A former insurance executive, Mahamba worked at a range of prominent South African insurance brands for over a decade. Through his actuarial and product development work, he saw the opportunity to create a financial product that empowers consumers while still equipping them to manage the risk of negative life events, from burglaries to a car being written-off.

The Solvency website is a key feature in its arrival on the South African market. The website offers easy-to-use features that allow anyone to asses exactly how much they can save, supported by a quick sign-up process. Users only need to enter a few details to begin their Solvency relationship, which is 100% digital and can be managed using only a smartphone or a computer.

The Solvency solution is filled with innovation and is easy to understand. Clients choose how much of their monthly premium (up to a maximum of 50%) goes to their Insurance Savings Account (ISA), like the medical savings components on medical aids. The decision is guided by how much excess the client is prepared and able to pay in the event of a claim. The excess is paid from the ISA and should the funds in the client’s ISA not cover their excess payment, only then would the client need to pay the difference from their pocket.

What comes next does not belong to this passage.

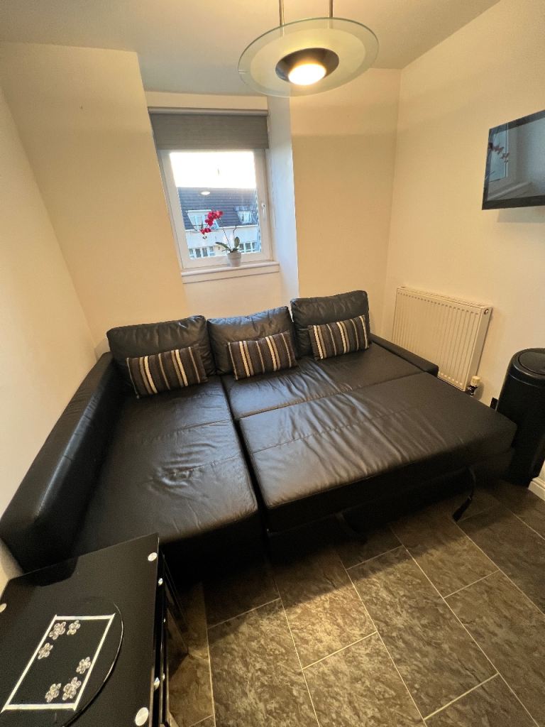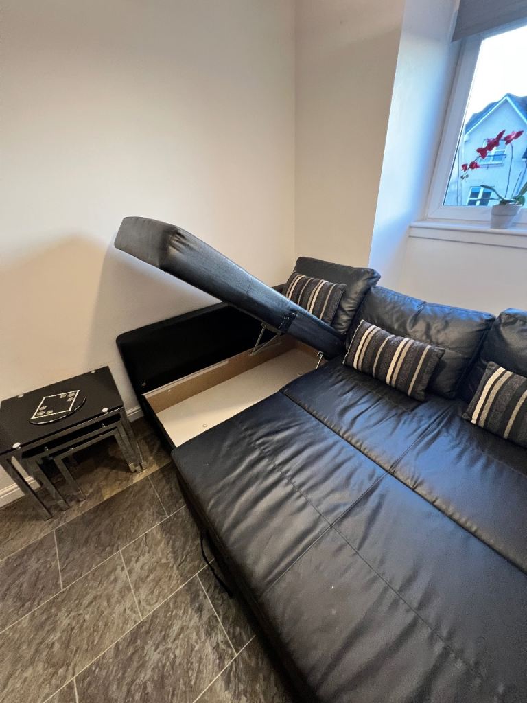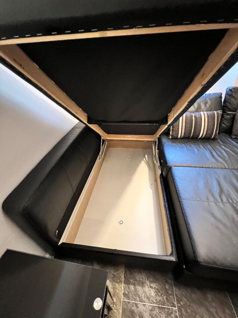 Posting for under a monthBlack L-Shaped Sofa Bed with Storage – Double Bed Size

‘The average short-term insurance client claims an average of R18 000 every four years,’ explains Mahamba. ‘With an insurance premium of R1000 per month, and without considering escalations, the client would have paid almost R50 000 in premiums over this time. Up to nine out of ten clients will claim far less than the premiums paid, or not claim at all, but receive nothing in return. Solvency changes this and puts that money to work.’

Whether or not the client makes a claim in a year, they have the option to withdraw in cash up to 50% of their savings in a 12-month period, for their own use. Alternatively, they can leave the money invested to grow and earn money-market rates.

Solvency also includes two other important innovations. The BetterDrive Savings Booster, which allows clients to self-manage their premium and cash-back rewards through responsible driving. The driver can receive up to 25% of cash-back spent on premiums every three months, which is paid into the ISA. The Pay as you Ensure feature sees the consumer pay premiums for insured items, they need cover for in that month only. The premium for items which cover has been switched off is allocated to savings.

‘We’re still in the launch stage, but the response from the market has already been incredible,’ concludes Mahamba. ‘Consumers love the savings opportunity, but they are also very positive about the structural innovation that finally gives them control over what used to be a largely negative process. All indicators are that the brand will enjoy a very positive launch year.’